** ABOUT THIS EXERCISE **
Once you find the line below that has "В этом году", output it and every line after it exactly, stopping after the line that has "تقدم ذكر ما", with no pictures.
═════ SUPPLIED RECORDS ═════
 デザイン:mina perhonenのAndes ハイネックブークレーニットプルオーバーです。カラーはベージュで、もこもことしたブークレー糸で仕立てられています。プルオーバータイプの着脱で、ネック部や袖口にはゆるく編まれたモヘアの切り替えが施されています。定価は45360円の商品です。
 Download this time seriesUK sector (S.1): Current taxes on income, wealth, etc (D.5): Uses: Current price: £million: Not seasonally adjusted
═════
═════ SUPPLIED RECORDS ═════
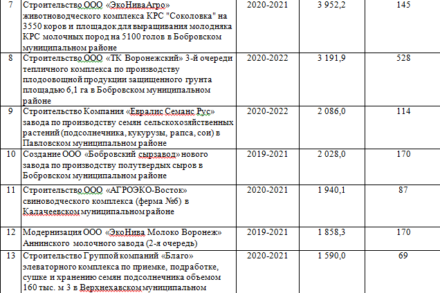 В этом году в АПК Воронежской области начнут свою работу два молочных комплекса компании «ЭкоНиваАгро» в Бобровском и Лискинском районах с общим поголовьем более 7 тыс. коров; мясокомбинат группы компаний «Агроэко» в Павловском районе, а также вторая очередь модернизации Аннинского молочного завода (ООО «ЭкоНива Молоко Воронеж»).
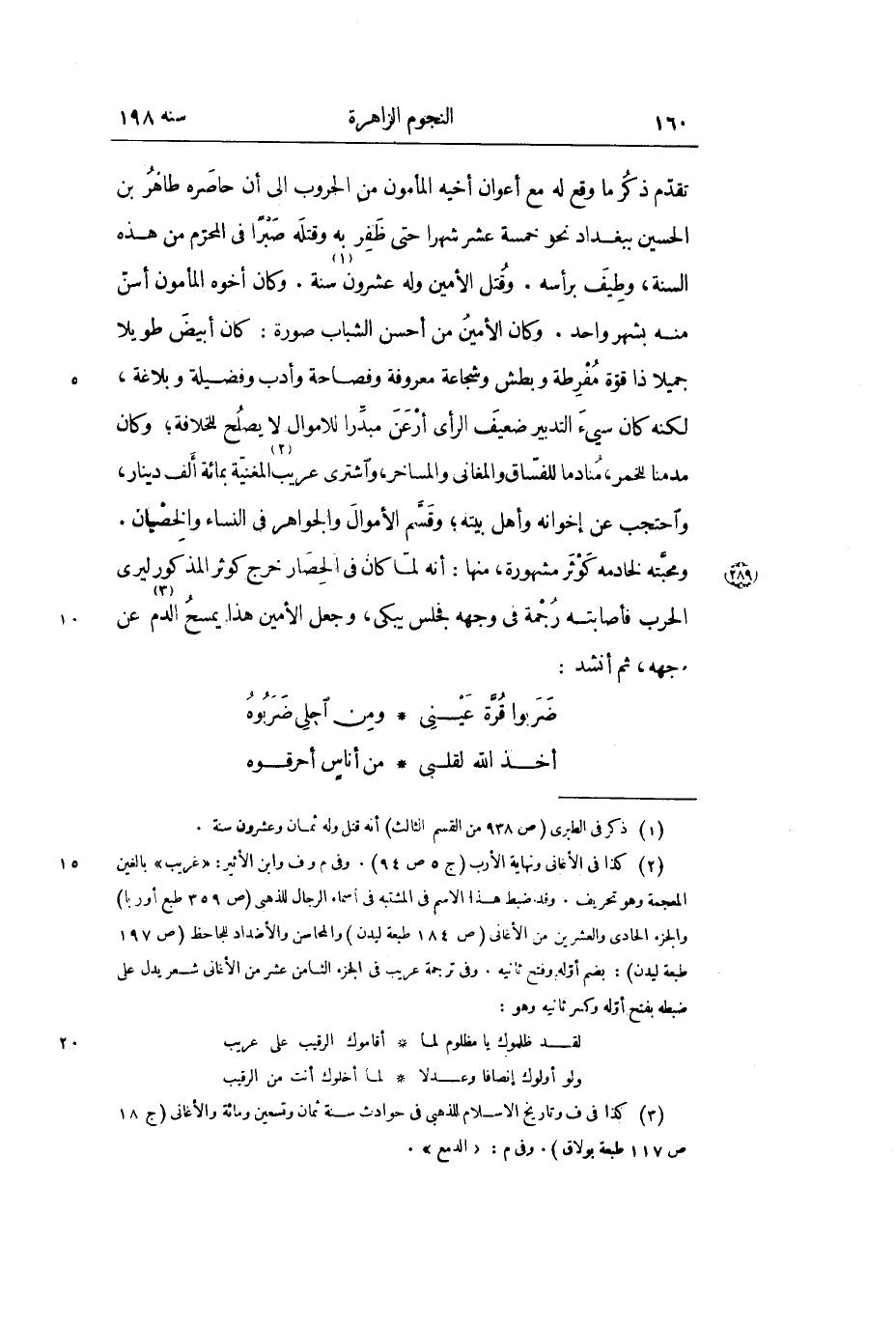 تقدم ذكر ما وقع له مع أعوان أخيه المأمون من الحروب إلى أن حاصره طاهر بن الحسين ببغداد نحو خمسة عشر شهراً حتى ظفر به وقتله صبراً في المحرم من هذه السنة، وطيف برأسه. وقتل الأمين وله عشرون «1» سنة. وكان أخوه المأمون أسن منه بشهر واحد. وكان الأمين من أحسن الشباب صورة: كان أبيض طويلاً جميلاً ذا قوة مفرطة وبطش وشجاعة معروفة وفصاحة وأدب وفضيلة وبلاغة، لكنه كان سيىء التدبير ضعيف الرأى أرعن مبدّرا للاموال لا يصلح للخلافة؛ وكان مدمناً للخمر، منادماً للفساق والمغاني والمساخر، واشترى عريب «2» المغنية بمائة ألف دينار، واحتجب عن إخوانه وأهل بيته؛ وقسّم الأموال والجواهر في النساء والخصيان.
═════
** ANSWER **
 В этом году в АПК Воронежской области начнут свою работу два молочных комплекса компании «ЭкоНиваАгро» в Бобровском и Лискинском районах с общим поголовьем более 7 тыс. коров; мясокомбинат группы компаний «Агроэко» в Павловском районе, а также вторая очередь модернизации Аннинского молочного завода (ООО «ЭкоНива Молоко Воронеж»).
 تقدم ذكر ما وقع له مع أعوان أخيه المأمون من الحروب إلى أن حاصره طاهر بن الحسين ببغداد نحو خمسة عشر شهراً حتى ظفر به وقتله صبراً في المحرم من هذه السنة، وطيف برأسه. وقتل الأمين وله عشرون «1» سنة. وكان أخوه المأمون أسن منه بشهر واحد. وكان الأمين من أحسن الشباب صورة: كان أبيض طويلاً جميلاً ذا قوة مفرطة وبطش وشجاعة معروفة وفصاحة وأدب وفضيلة وبلاغة، لكنه كان سيىء التدبير ضعيف الرأى أرعن مبدّرا للاموال لا يصلح للخلافة؛ وكان مدمناً للخمر، منادماً للفساق والمغاني والمساخر، واشترى عريب «2» المغنية بمائة ألف دينار، واحتجب عن إخوانه وأهل بيته؛ وقسّم الأموال والجواهر في النساء والخصيان.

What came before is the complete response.